Lori Balue spent 25 years putting herself back together. She was 225 pounds, asthmatic, pre-diabetic, and addicted to processed foods she couldn't stop eating no matter how hard she tried. Her husband barely looked up from the couch when he asked her when she was going to lose the weight. Her eight-year-old son ran up the steps at Vernal Falls while she stood at the bottom wondering if she was going to survive the climb.

Today Lori is 63, 100 pounds lighter, asthma-free, and standing at the top of mountains she couldn't have imagined a decade ago. She's completed multiple Grand Canyon rim-to-rims, runs half marathons she dances through at the finish line, and is currently training for Mount Whitney. She is also a functional diagnostic nutrition and metabolic restoration practitioner who helps others over 50 do what she did — not through willpower or calorie restriction, but by fixing what's actually broken.

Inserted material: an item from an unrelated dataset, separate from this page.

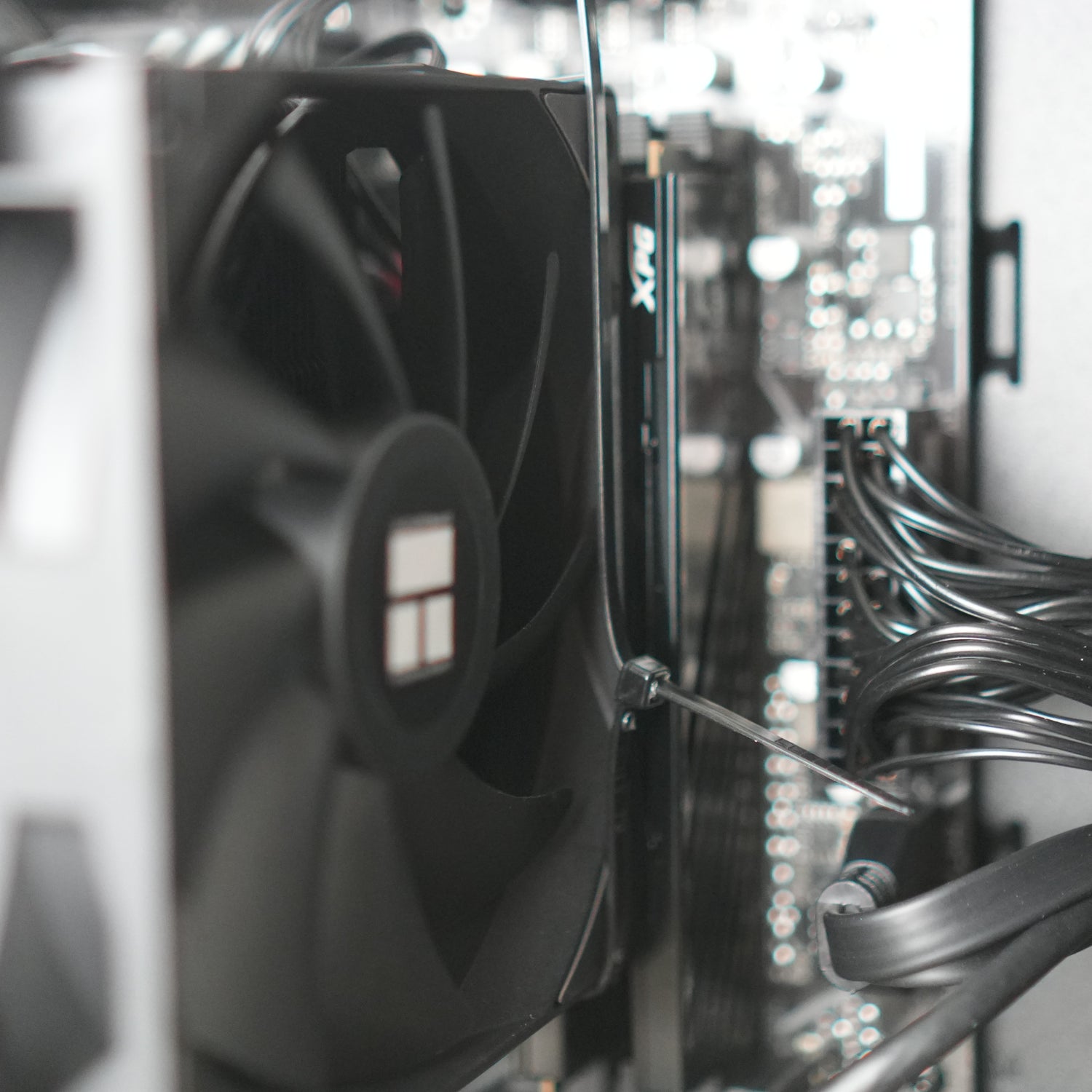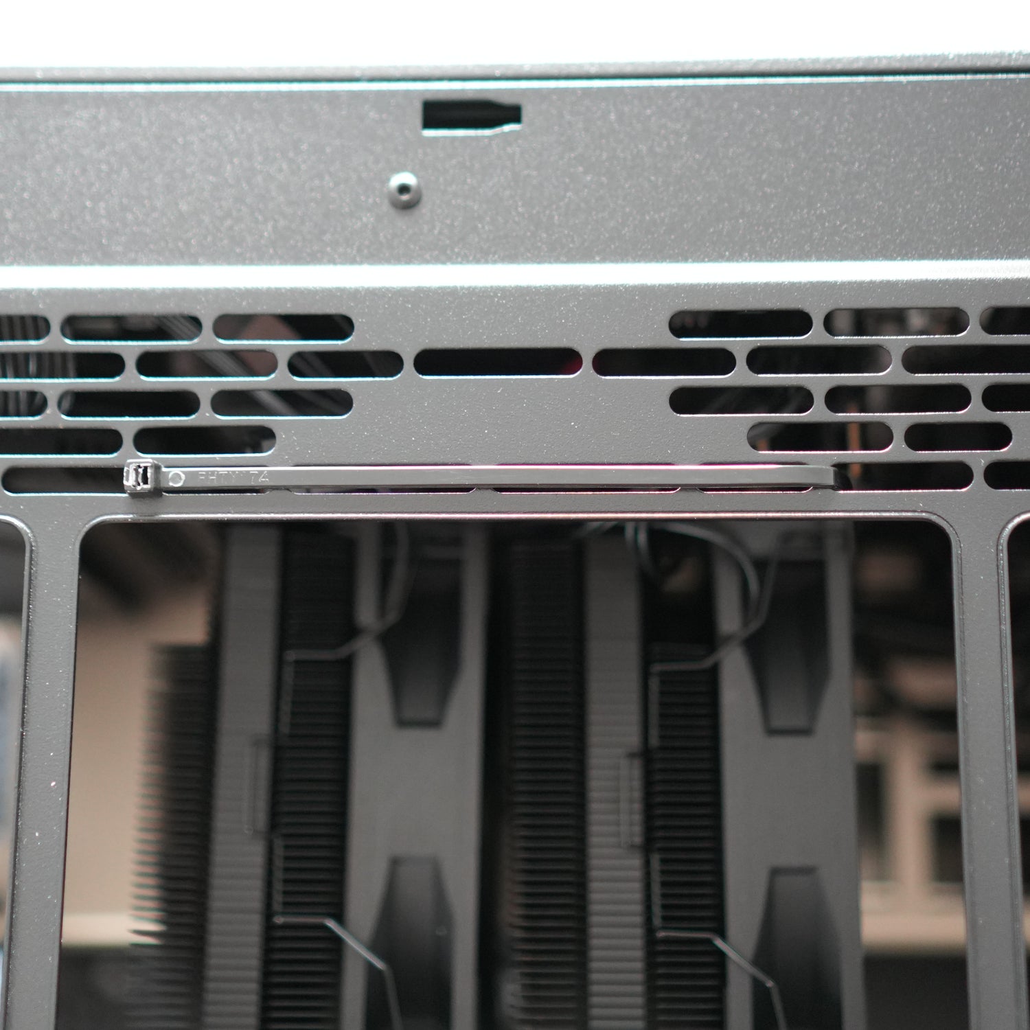 If your PC has a tower air cooler (i.e. not a liquid cooler), there will be a plastic cable tie to support the CPU cooler in transit. This needs to be cut prior to use. You can cut it at any point of the loop but you have to be very careful not to cut any of the cables in the case. The loop will be secured to the top of the case on the fan rails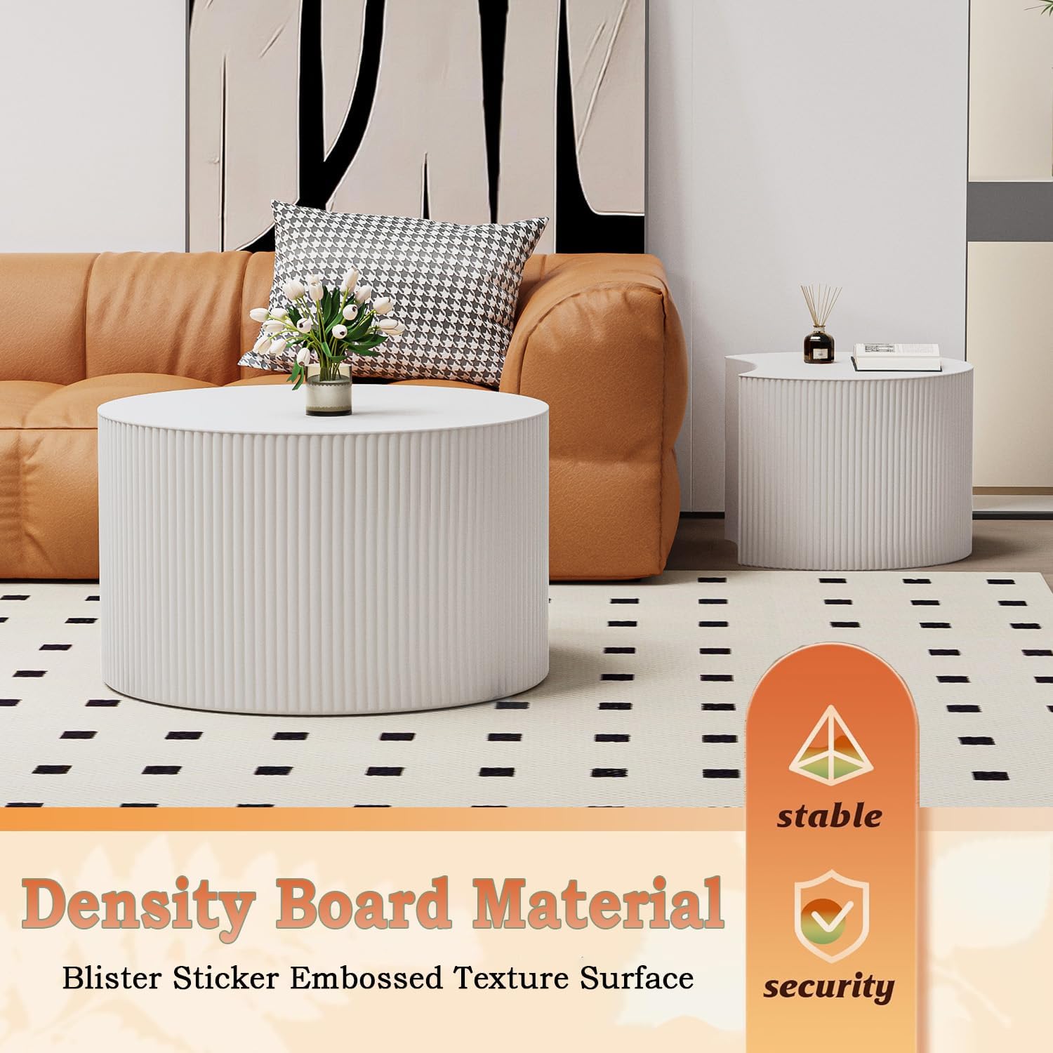 Round Nesting Coffee Table Modern Fluted Coffee Table Set of 2 Circle Drum Coffee Tables Small Round Accent Side End Table for Living Room No Assembly (White B 27in)

This episode of Trail Stories traces the arc from that staircase at Vernal Falls to the rim of the Grand Canyon. It covers 25 years of books, diets, and false starts. A food addiction rooted in biology, not weakness. A divorce that happened while she was still figuring it all out. A hiking fatality she witnessed firsthand and couldn't stop thinking about. And one quiet moment — a question about what 63-year-old Lori would say to the 12-year-old version of herself — that stops the episode cold.

The full interview with Lori drops in two parts on Wednesday on the Hiker Trash Radio feed.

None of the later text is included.